Your task: Pictures stay out. Everything else in the entries is copied exactly.

--- START ---

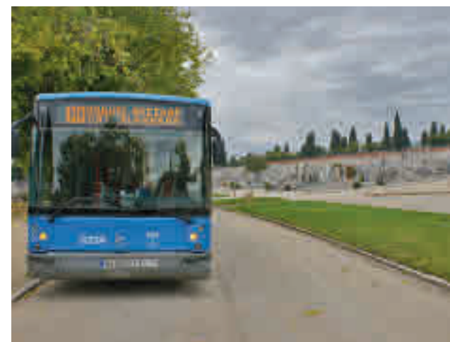
La línea 110 da servicio al cementerio de La Almudena

Por último, los mejores buses urbanos de conexión con la necrópolis de San Isidro son los 17, 25 y 50.
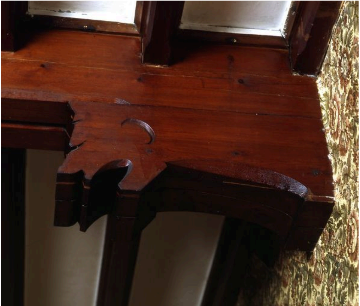
Détail d'une console du 'hall' figurant un animal.
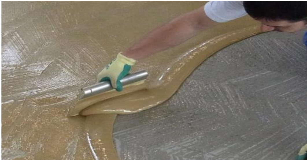
Figura 1: Aplicación de la cola sobre la base

En caso necesario, limpie y elimine cualquier tipo de suciedad del revestimiento antes de aplicar el sellado. No se puede pisar el revestimiento hasta que la capa de sellado se haya endurecido por completo.

--- END ---

Task response:
La línea 110 da servicio al cementerio de La Almudena

Por último, los mejores buses urbanos de conexión con la necrópolis de San Isidro son los 17, 25 y 50.
Détail d'une console du 'hall' figurant un animal.
Figura 1: Aplicación de la cola sobre la base

En caso necesario, limpie y elimine cualquier tipo de suciedad del revestimiento antes de aplicar el sellado. No se puede pisar el revestimiento hasta que la capa de sellado se haya endurecido por completo.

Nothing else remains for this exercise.